この江戸で起きた『桜田門外の変』による被害者の数はおよそ60人とされているが、長州藩によって起こされた事件とは言え久坂の思想も加わり多くの犠牲者を出す結果となってしまったのだが……。
(詳しくはまた別の話とするとして)
そんな安政の大獄の後となるのだが、久坂が再び京の地を踏む事になったのは時の大老である井伊直弼の暗殺を目的とした浪士たちの襲撃に因ってだった。
前日に投宿していた京の旅館においてその襲撃を受けた久坂たちは、その人物が『水戸浪士』と知ると共に幕閣に大老暗殺を知らせるべく京を離れる事とした訳である。
この時既に彼の『儒学』という師匠松蔭の思想を元にした新たなる思想による活動は行われていたのだが、まさかこれがきっかけで長州と関わりを持つ事に成るとは思いもしなかったであろう……。
『安政の大獄』とは久坂の考え方を危険と判断した井伊直弼によって起こされた政治改革の事である。

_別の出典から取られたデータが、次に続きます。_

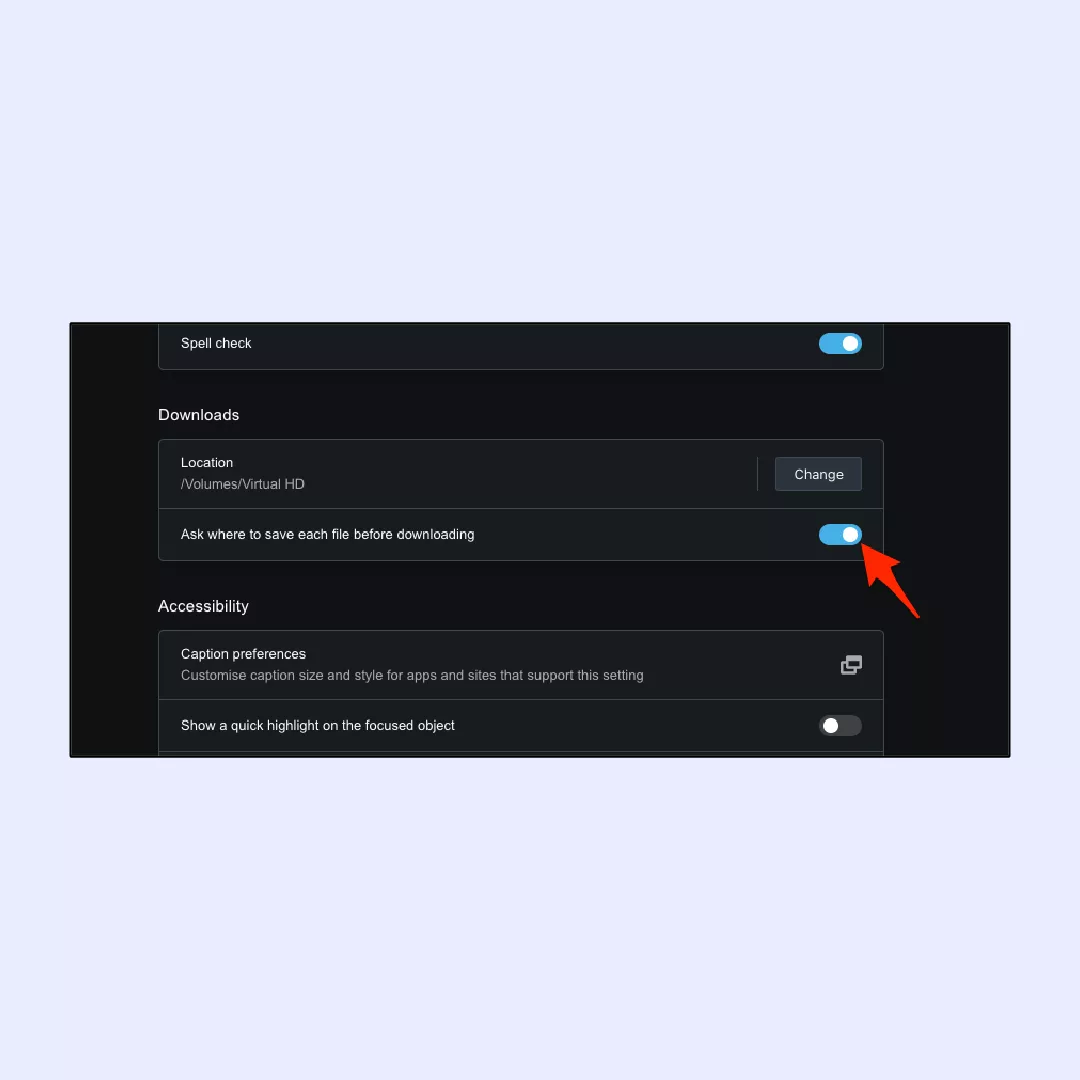 8. Přepněte na „Před stažením se zeptejte, kam uložit každý soubor“volba.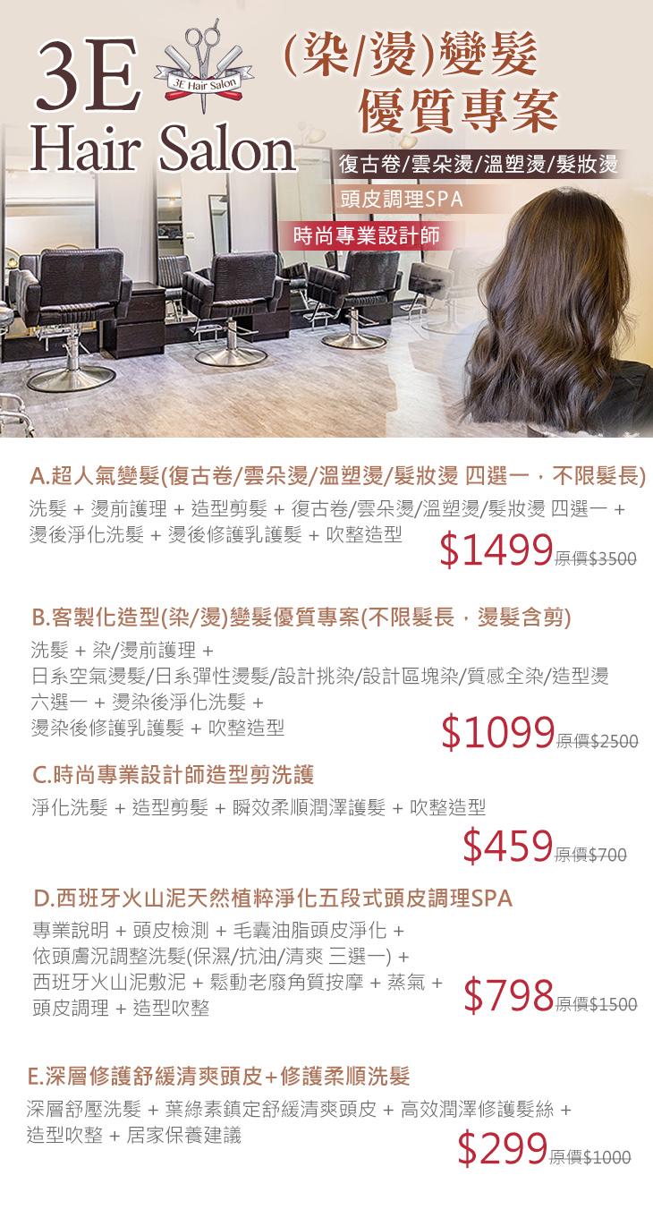 A.超人氣變髮(復古卷/雲朵燙/溫塑燙/髮妝燙 四選一,不限髮長) / B.客製化造型(染/燙)變髮優質專案(不限髮長,燙髮含剪) / C.時尚專業設計師造型剪洗護 / D.西班牙火山泥天然植粹淨化五段式頭皮調理SPA / E.深層修護舒緩清爽頭皮+修護柔順洗髮

具体的な事は後程語る事とするが、ともかくその大獄の結果起きる「尊王攘夷」を唱える者に対する取り締まりと言う名の虐殺(安政の大獄)により時の将軍・徳川家茂まで続く長い鎖国へと繋がる事に成る大きな出来事となっている。
そして『安政の大獄』の後、京において久坂や桂小五郎等が率いる浪士たちが蜂起を起こすのは久坂が東京へと向かう5年後の事である。
それが起きるまで幕末は終わりを告げる事はなかったのだ……。
(詳しくはまた別の話とするとして)
そんな久坂も残念ながら明治政府の命令により江戸を離れる事となるがその時の手紙にこう記されている。
「更に我が長州へ与せよとの命の下りし際は、詩文を作りて返し且つ送らんずる也」
さてこの長州にての行動の結果なのだが『尊王攘夷』を強引に押し進めようとする幕府の命令に対して藩内から反発され始めていた久坂は江戸では行動を起こす事ができずにいたのだが……。
そこで長州藩下関城代を務める毛利元昭からの励ましの手紙により久坂は再びやる気を取り戻す事に成ったようだ。
長州藩によるこの発言こそが、後の世に有名になる『防長回天』の始まりとされる事になるのだが……それを知る者はどの位いただろうか……?
(薩長同盟の内容はともかくとして)
実際にどういった出来事だったのかは『防長回天史記』などにも記載があり書かれているようだが……いずれ機会があれば語るとしようと思う。